Step 3 By the assumption \(p\ge k-1\), we can apply Lemma 4.2 with \(f(x) = \partial _y^{\vec {l}} G(x,x)\) to each sum \(\sum _{i=1}^m\lambda _i(x) \frac{(a_i-x)^{\vec {l}}}{{\vec {l}} !} \partial _y^{\vec {l}} G(x,x)\) in (30) and see that the first addend in (30) is zero. Hence, we can write \(\varepsilon (x)\) as the sum

$$\begin{aligned} \varepsilon (x) = \sum _{i=1}^m\varepsilon _i(x) \qquad \text {with}\qquad \varepsilon _i(x) :=-\lambda _i(x) \sum _{|{\vec {k}}|=k} R_{\vec {k}}(x,a_i)(a_i-x)^{\vec {k}}. \end{aligned}$$

We now treat each term \(\varepsilon _i\) separately.

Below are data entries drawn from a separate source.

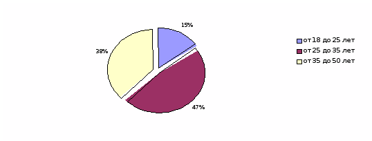 Анкетирование проводилось в соответствии с планом маркетинговых мероприятий в течение двух недель. Анкетирование позволило определить интересующие нас сегменты. Данные сегменты возрастной категории отражены в диаграмме (рис.1).
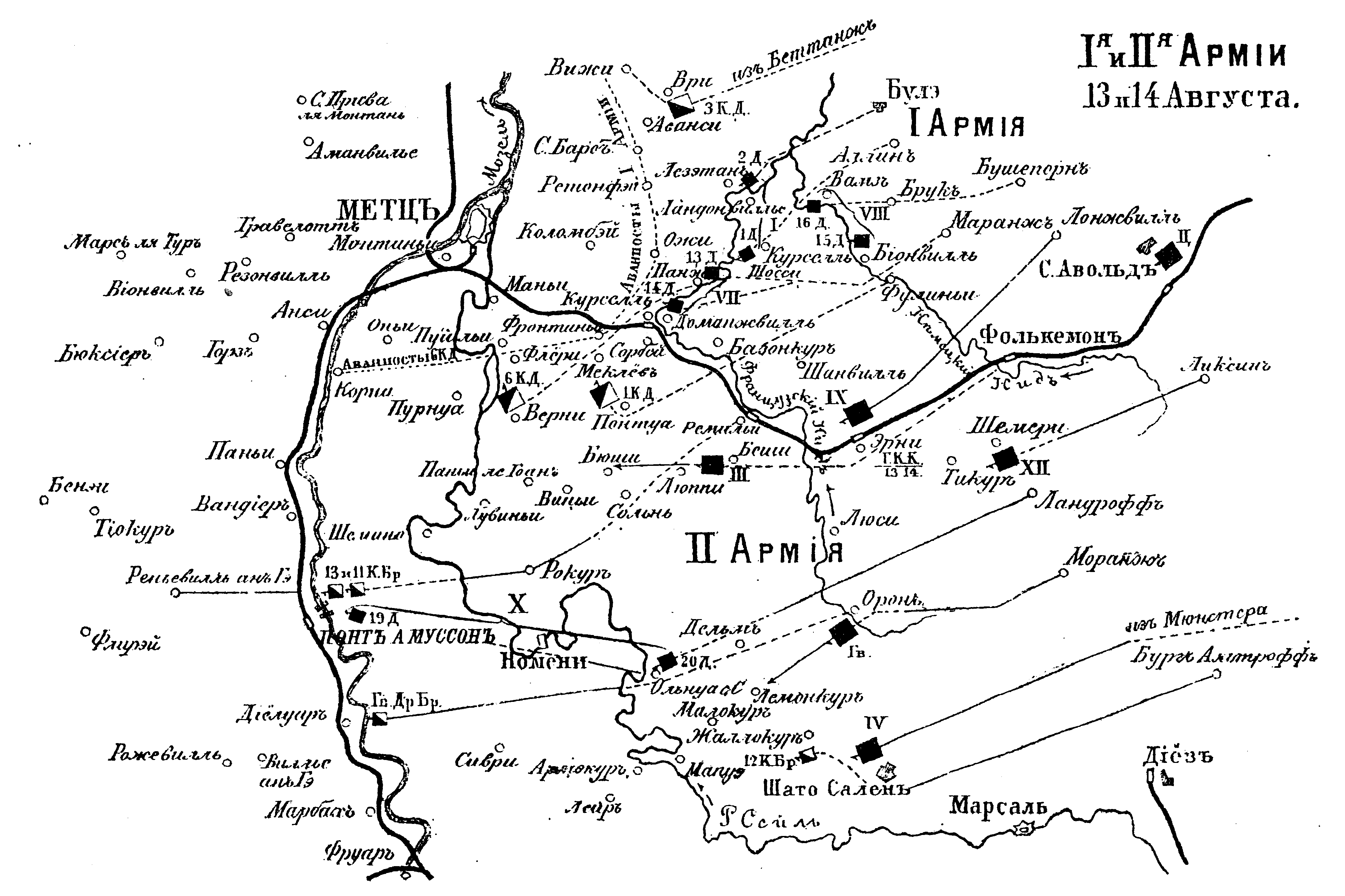 I-ая и II-ая Армия 13 и 14 августа 1870 года
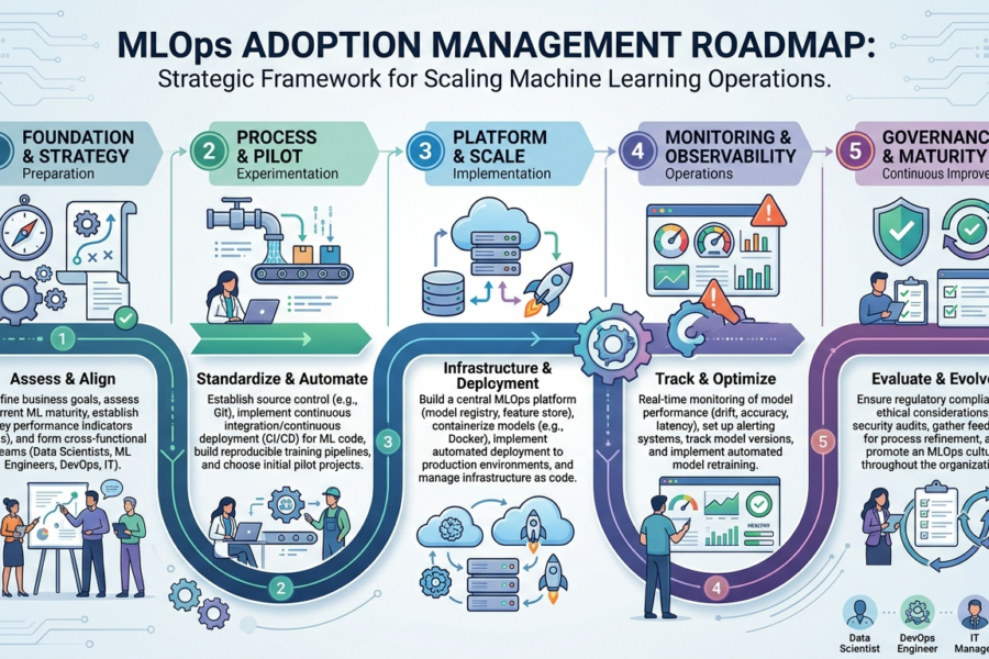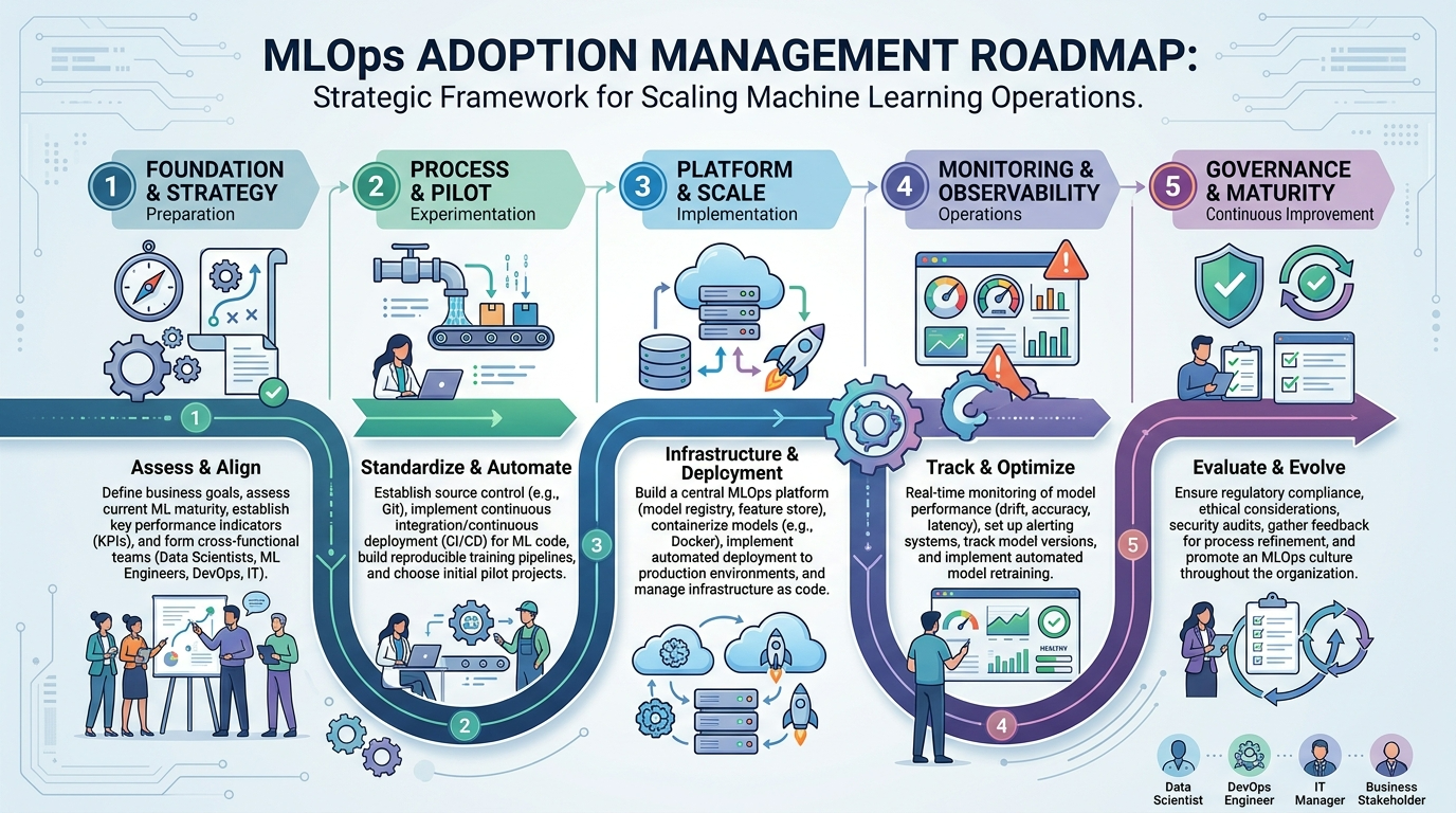 MLOps adoption management helps organizations guide teams through AI transformation while building reliable machine learning workflows and operations.

For simplicity, we may assume, after a suitable translation (depending on the index \(i\)), that \(a_i = 0\), and thus, we arrive at the pointwise estimate

$$\begin{aligned} \left| \varepsilon _i(x)\right| _{g(\mathbb {I}_{T_\text {ref}} u(x))}&\lesssim \sum _{|{\vec {k}}| =k}\bigg |\frac{|{\vec {k}}|}{{\vec {k}}!} \int \limits _0^1t^{|{\vec {k}} | - 1}\partial _y^{\vec {k}} G(x,tx) x^{\vec {k}} \,dt \bigg |_{g(\mathbb {I}_{T_\text {ref}} u(x))}\nonumber \\&\le \sum _{|{\vec {k}}| =k}\frac{|{\vec {k}}|}{{\vec {k}}!} \int \limits _0^1t^{|{\vec {k}} | - 1}\left| \partial _y^{\vec {k}} G(x,tx)\right| _{g(\mathbb {I}_{T_\text {ref}} u(x))} x^{\vec {k}} \,dt, \end{aligned}$$
(31)

where we have used that the \(\lambda _i\) are bounded on \(T_\text {ref}\).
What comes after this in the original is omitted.